- [Dataset items]
'''
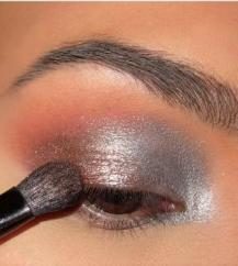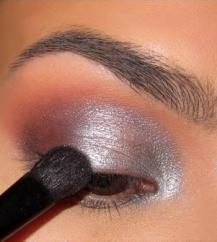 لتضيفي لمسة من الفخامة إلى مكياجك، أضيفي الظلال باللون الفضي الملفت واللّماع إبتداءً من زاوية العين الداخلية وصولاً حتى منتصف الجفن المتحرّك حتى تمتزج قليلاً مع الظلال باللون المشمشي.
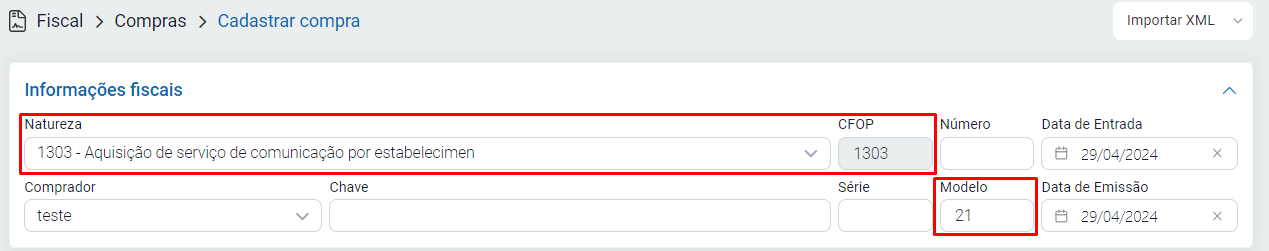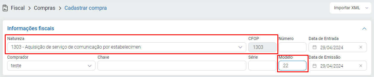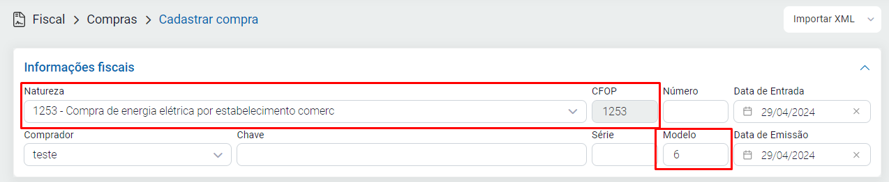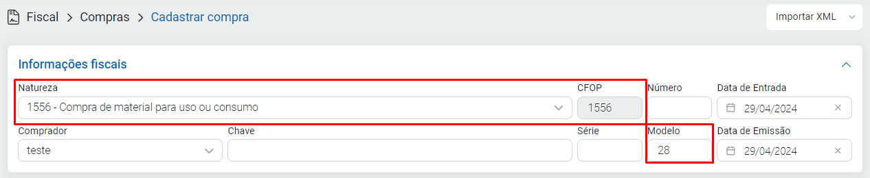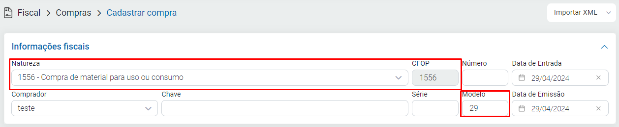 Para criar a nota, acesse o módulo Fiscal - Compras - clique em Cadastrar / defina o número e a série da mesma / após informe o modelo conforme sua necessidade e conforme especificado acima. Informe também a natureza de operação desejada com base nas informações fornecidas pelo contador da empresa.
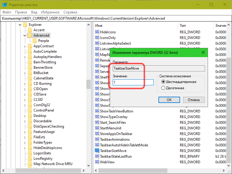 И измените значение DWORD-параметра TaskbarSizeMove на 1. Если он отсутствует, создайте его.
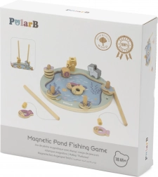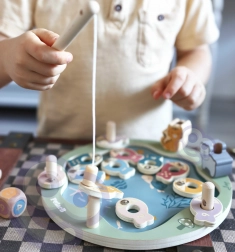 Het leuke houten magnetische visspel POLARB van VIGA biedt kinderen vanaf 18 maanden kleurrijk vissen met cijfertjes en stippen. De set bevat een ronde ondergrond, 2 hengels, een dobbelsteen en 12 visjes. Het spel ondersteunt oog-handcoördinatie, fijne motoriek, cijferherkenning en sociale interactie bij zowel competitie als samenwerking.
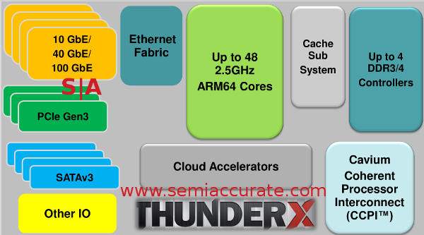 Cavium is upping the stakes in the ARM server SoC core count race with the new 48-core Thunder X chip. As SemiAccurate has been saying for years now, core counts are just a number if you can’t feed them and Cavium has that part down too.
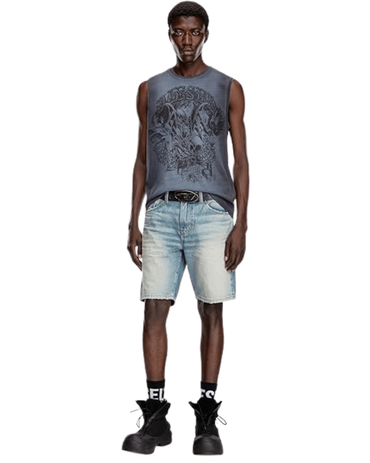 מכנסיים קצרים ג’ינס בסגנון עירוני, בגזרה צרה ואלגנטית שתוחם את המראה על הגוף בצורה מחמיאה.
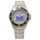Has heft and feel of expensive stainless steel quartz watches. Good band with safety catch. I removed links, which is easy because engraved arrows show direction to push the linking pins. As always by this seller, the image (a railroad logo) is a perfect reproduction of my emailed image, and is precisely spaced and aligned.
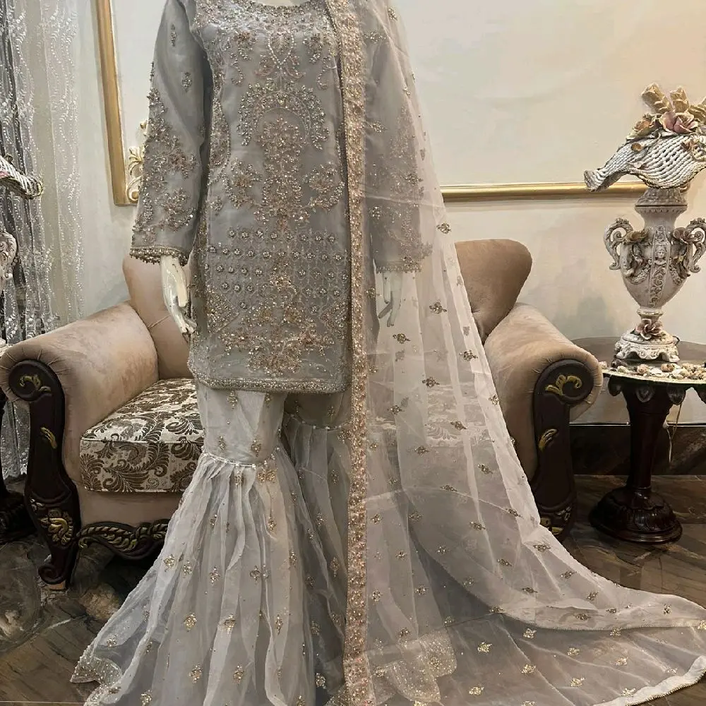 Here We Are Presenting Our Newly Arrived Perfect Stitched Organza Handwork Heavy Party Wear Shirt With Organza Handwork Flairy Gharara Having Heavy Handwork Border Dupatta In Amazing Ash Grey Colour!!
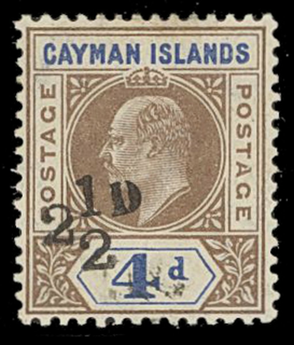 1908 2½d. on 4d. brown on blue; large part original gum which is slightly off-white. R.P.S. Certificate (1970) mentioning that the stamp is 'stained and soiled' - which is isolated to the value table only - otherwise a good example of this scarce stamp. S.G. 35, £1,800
'''
Output the lines above verbatim, images excluded.

- [RESULT FOR THIS EXERCISE]
 لتضيفي لمسة من الفخامة إلى مكياجك، أضيفي الظلال باللون الفضي الملفت واللّماع إبتداءً من زاوية العين الداخلية وصولاً حتى منتصف الجفن المتحرّك حتى تمتزج قليلاً مع الظلال باللون المشمشي.
 Para criar a nota, acesse o módulo Fiscal - Compras - clique em Cadastrar / defina o número e a série da mesma / após informe o modelo conforme sua necessidade e conforme especificado acima. Informe também a natureza de operação desejada com base nas informações fornecidas pelo contador da empresa.
 И измените значение DWORD-параметра TaskbarSizeMove на 1. Если он отсутствует, создайте его.
 Het leuke houten magnetische visspel POLARB van VIGA biedt kinderen vanaf 18 maanden kleurrijk vissen met cijfertjes en stippen. De set bevat een ronde ondergrond, 2 hengels, een dobbelsteen en 12 visjes. Het spel ondersteunt oog-handcoördinatie, fijne motoriek, cijferherkenning en sociale interactie bij zowel competitie als samenwerking.
 Cavium is upping the stakes in the ARM server SoC core count race with the new 48-core Thunder X chip. As SemiAccurate has been saying for years now, core counts are just a number if you can’t feed them and Cavium has that part down too.
 מכנסיים קצרים ג’ינס בסגנון עירוני, בגזרה צרה ואלגנטית שתוחם את המראה על הגוף בצורה מחמיאה.
Has heft and feel of expensive stainless steel quartz watches. Good band with safety catch. I removed links, which is easy because engraved arrows show direction to push the linking pins. As always by this seller, the image (a railroad logo) is a perfect reproduction of my emailed image, and is precisely spaced and aligned.
 Here We Are Presenting Our Newly Arrived Perfect Stitched Organza Handwork Heavy Party Wear Shirt With Organza Handwork Flairy Gharara Having Heavy Handwork Border Dupatta In Amazing Ash Grey Colour!!
 1908 2½d. on 4d. brown on blue; large part original gum which is slightly off-white. R.P.S. Certificate (1970) mentioning that the stamp is 'stained and soiled' - which is isolated to the value table only - otherwise a good example of this scarce stamp. S.G. 35, £1,800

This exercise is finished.